News

Security information management comes of age

Angus Kidman
Any security platform worth its salt produces log data, but in a large network running multiple systems and protocols it's impossible to monitor this accurately by tracking individual data sets. A well-developed security information management approach minimises the number of consoles that security professionals have to monitor, aggregating this data into a single easier-to-manage platform. (Security information management is generally considered to be restricted to this capturing and monitoring function, rather than the broader practice of information security management strategies, which also incorporates other technological, business and people management elements.)
"The value of SIM products was profoundly simple in concept," Forrester analysts John Kindervag and Andrew Jaquith noted in a recent technology overview. "They transformed noisy, low-level security event information generated by firewalls and intrusion detection system (IDS) devices into alerts that could be readily comprehended by security analysts."
As with any monitoring system, data capture and processing can take place in a number of locations.

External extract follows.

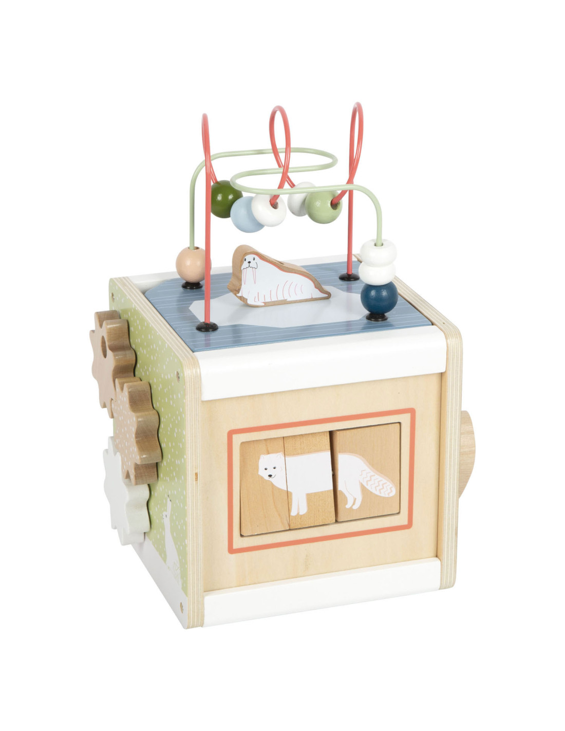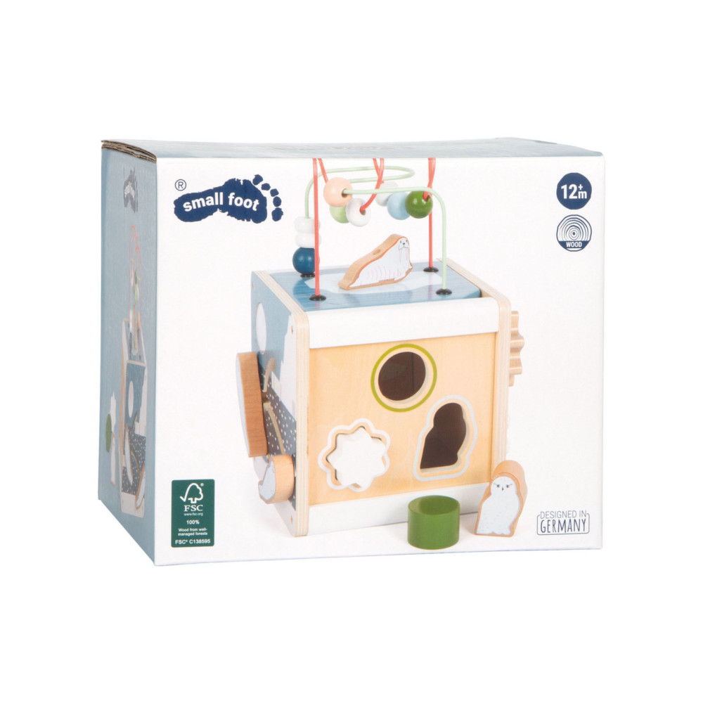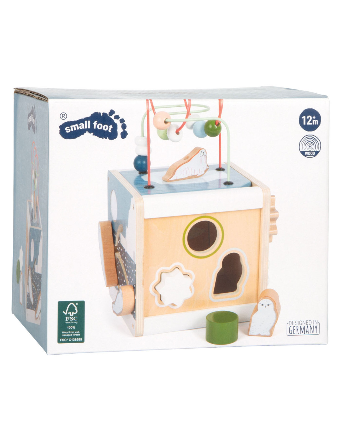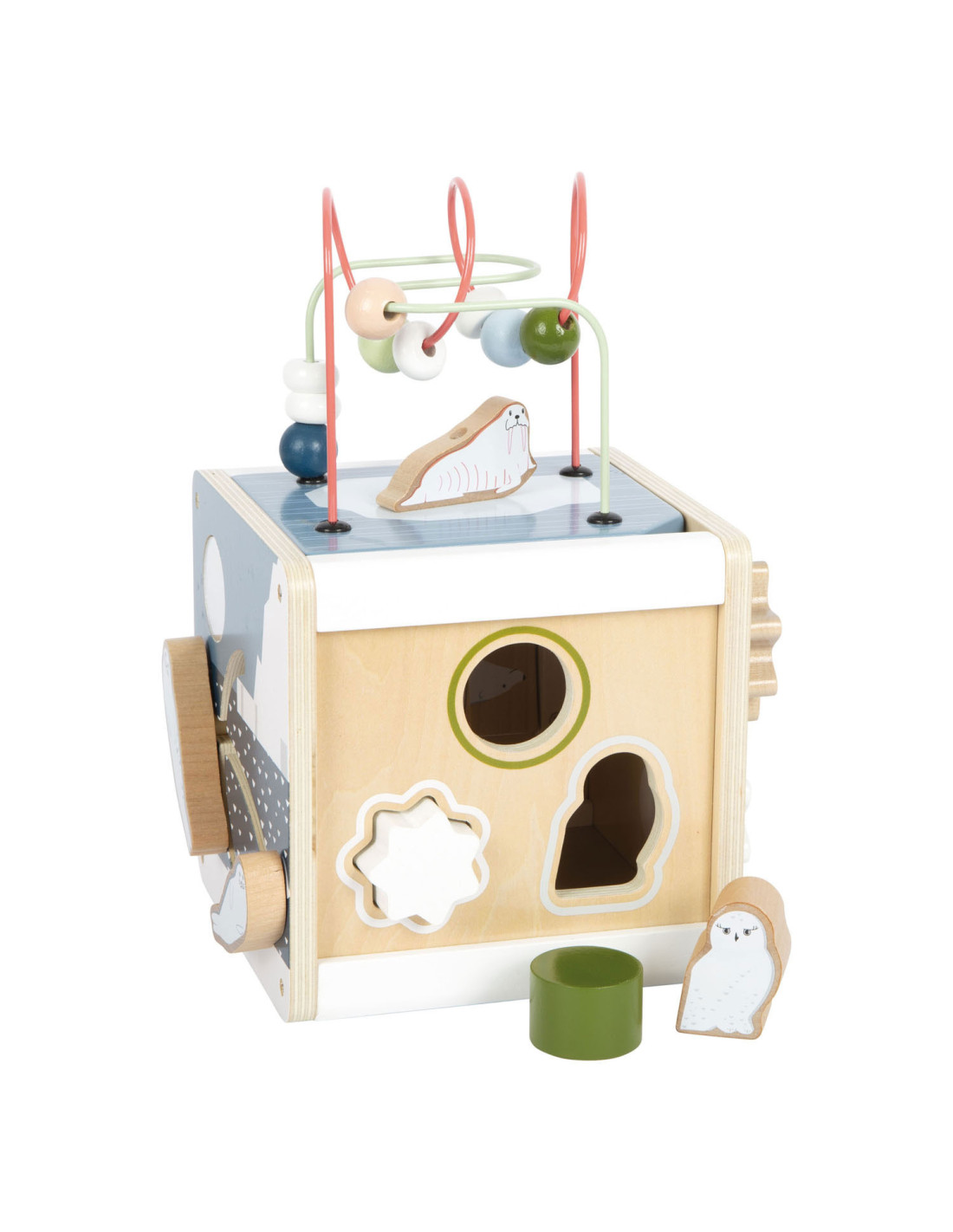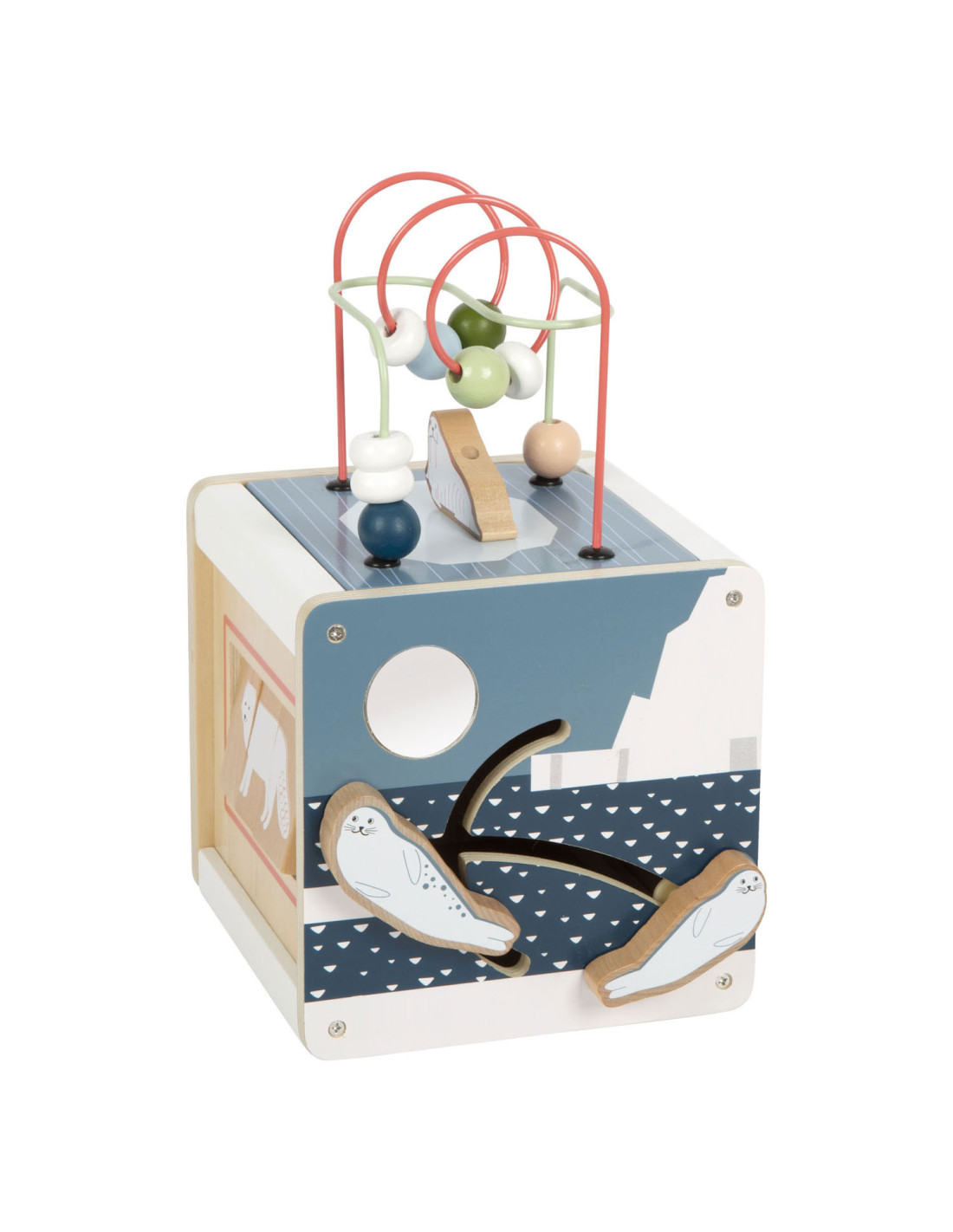 Motorisch plezier met het poolkonijn, de ijsbeer, de zeehond en al hun vrienden! Deze liefdevol ontworpen motorische kubus van 100% FSC®-gecertificeerd hout is een allrounder als het gaat om spelen en leren en biedt op de vijf speelbare oppervlakken veel te ontdekken. Twee kralendoolhoven, een passend spel, een glijdend doolhof, draaiende tegels en tandwielen zorgen voor langdurig vermaak en diverse leermogelijkheden. De zeehond, walrus, ijsbeer en andere pooldieren begeleiden de jonge ontdekkingsreizigers op elk oppervlak van de kubus en wekken op een leuke manier nieuwsgierigheid op. Wordt geleverd met een afneembaar deksel dat in de kubus kan worden opgeborgen om ruimte te besparen.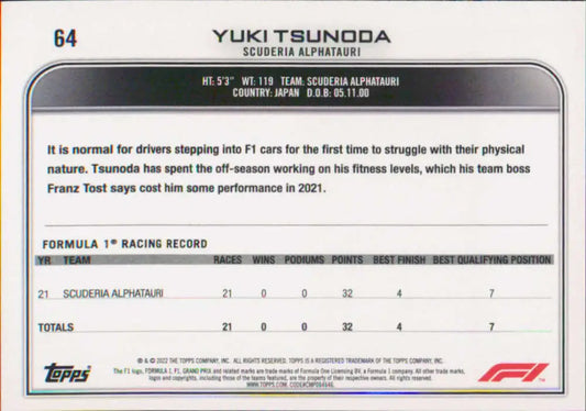 2022 Topps Formula 1 #64 Yuki Tsunoda NM-MT Racing Card

While a SIM platform can simply collect raw data from system agents and process it on a central server, in practice data is often filtered by those agents as well before transmission. That approach has two potential benefits: avoiding clogging network traffic and reducing the risk of information overload.
Despite the relative maturity of the technology (examples date back to 2000), SIM platform deployment is far from a given. According to Forrester analyst Jonathan Penn, SIM rollouts are more typical within organisations with a large security spend than amongst more budget-minded corporations.
One driving factor in the adoption of SIM systems in recent years has been increased adoption of the Payment Card Industry Data Security Standard (PCI DSS), which mandates tracking all use of payment cards. Its introduction in 2004, and a series of subsequent updates, provided a fresh impetus for the installation of SIM systems in retail and financial environments.
"The PCI log management requirements are very specific and include explicit guidance on how logs should be handled so that they cannot be tampered with," note Kindervag and Jaquith. "SIM vendors have tuned their market message and technical feature sets to meet this requirement precisely."
A key distinguishing feature amongst SIM platforms is the degree of aggregation that takes place. Data normalisation is often used to try and reduce the amount of information security pros have to process when identifying trends and potential problems within a SIM platform, and to ensure that data is available for governance tracking. For instance, CA's Enterprise Log Manager, released in April this year, includes a large number of preconfigured reports designed to link security trends into existing legislative and compliance requirements.
However, if a major problem is discovered, then manual sifting through raw data is often required to accurately track questionable transactions and events, since normalised information generally won't contain sufficient data to identify specific instances of problems.
Integrating security information management systems with more general network monitoring is often held up as a worthwhile goal, since both make use of similar methodologies (collection and analysis of log-style data) and both are concerned with risk management and maximising system availability. In practice, however, the high volume of alerts which a security system alone can generate, even when normalisation and aggregation techniques are used, often makes that approach impractical.
Increasingly, SIM platforms are being used not just for traditional IT security, but for integration with physical security systems such as camera monitoring. IDC estimates the market for SIM platforms used purely for physical security will top $US5.3 billion by 2013.